··· DATASET EXTRACT ···

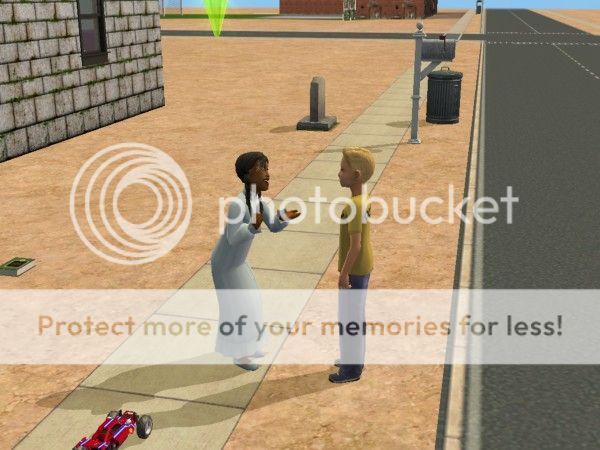 Btw, the grave you see behind Anthony and Bonnie is that of Dagmar Bertino. Lightning struck one of Alora's pink flamingoes one stormy night and...go figure...for once the rain as soon as lightning strikes. I didn't do anything because everyone was inside and safe. But as soon as Dagmar caught on fire I tried calling the fire department, but she died as soon as they got onto the lot. She nows haunts the lot, and is also ineligible for the Blonde Ambition Legacy
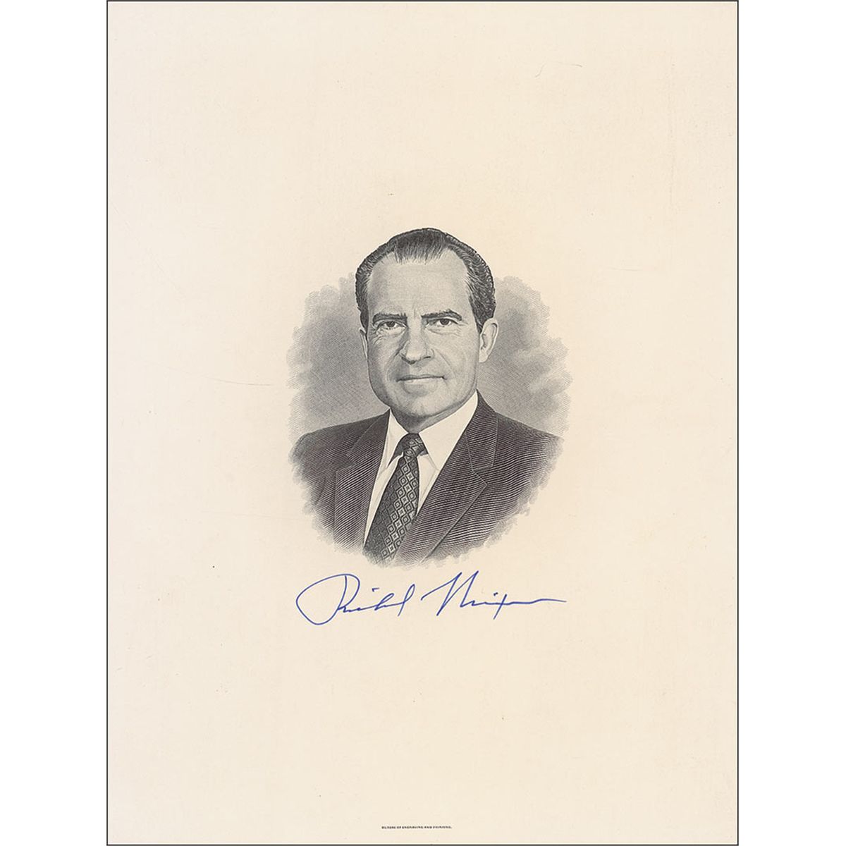 Engraved portrait of Nixon, 9 x 12, by the Bureau of Engraving and printing, signed under his image in blue ink. Scattered bends and creases to borders, most of which could be matted out, otherwise fine condition.
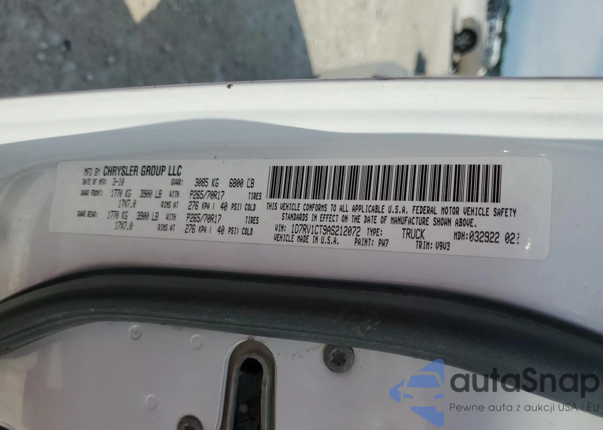 • VIN 1D7RB1CT1AS195762
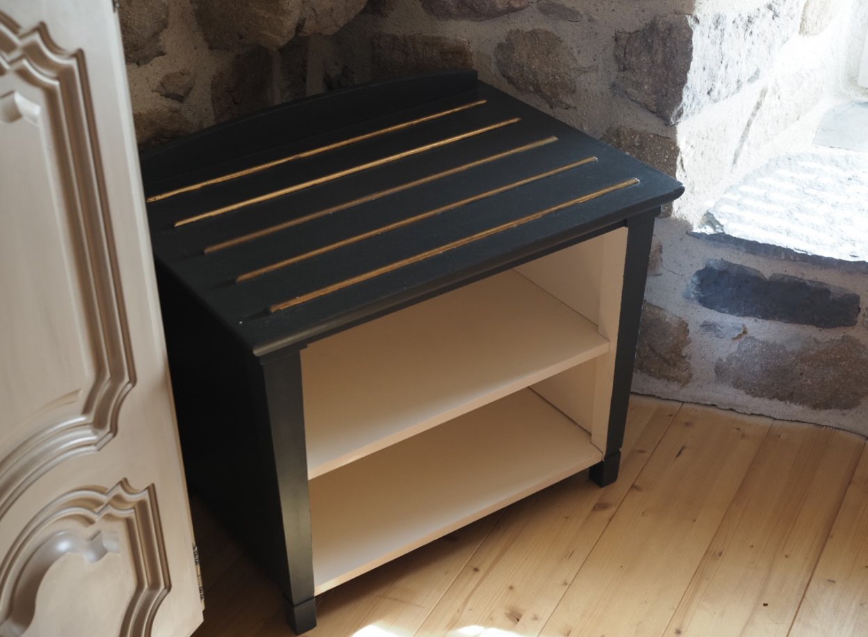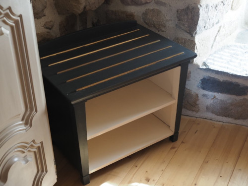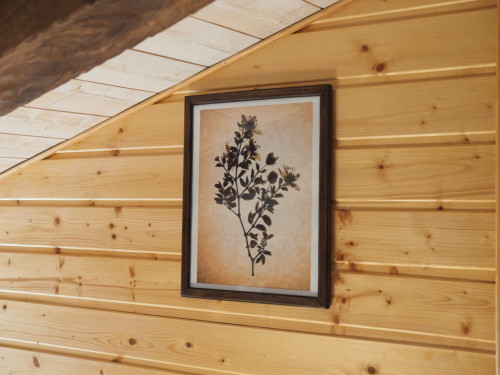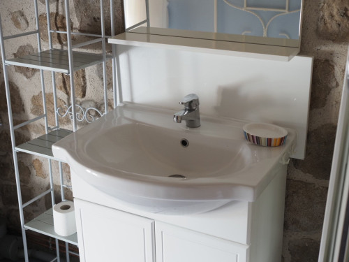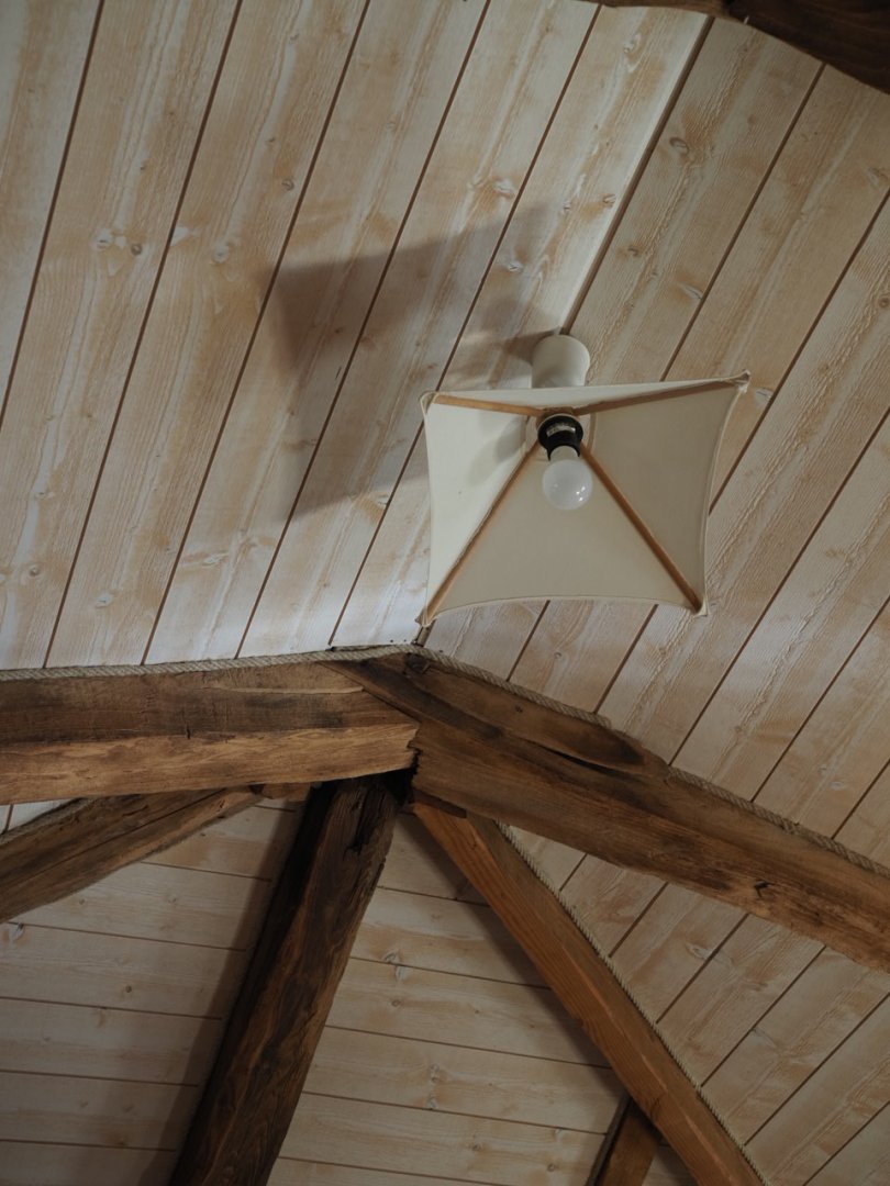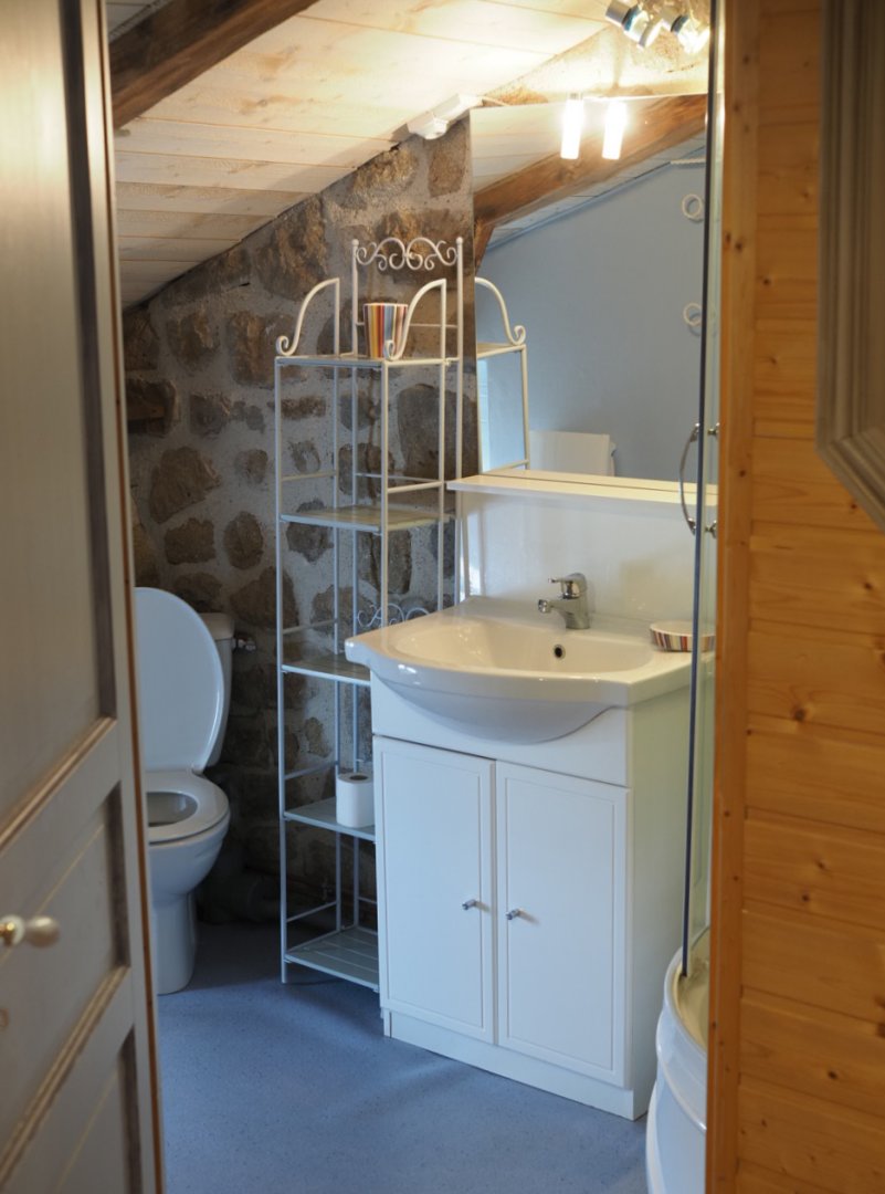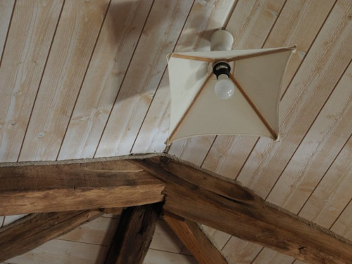À l'étage une chambre légèrement mansardée avec les poutres apparentes

···

## TASK OBJECTIVE:
Give the data back exactly, omitting all pictures.

## TASK OUTPUT:
 Btw, the grave you see behind Anthony and Bonnie is that of Dagmar Bertino. Lightning struck one of Alora's pink flamingoes one stormy night and...go figure...for once the rain as soon as lightning strikes. I didn't do anything because everyone was inside and safe. But as soon as Dagmar caught on fire I tried calling the fire department, but she died as soon as they got onto the lot. She nows haunts the lot, and is also ineligible for the Blonde Ambition Legacy
 Engraved portrait of Nixon, 9 x 12, by the Bureau of Engraving and printing, signed under his image in blue ink. Scattered bends and creases to borders, most of which could be matted out, otherwise fine condition.
 • VIN 1D7RB1CT1AS195762
À l'étage une chambre légèrement mansardée avec les poutres apparentes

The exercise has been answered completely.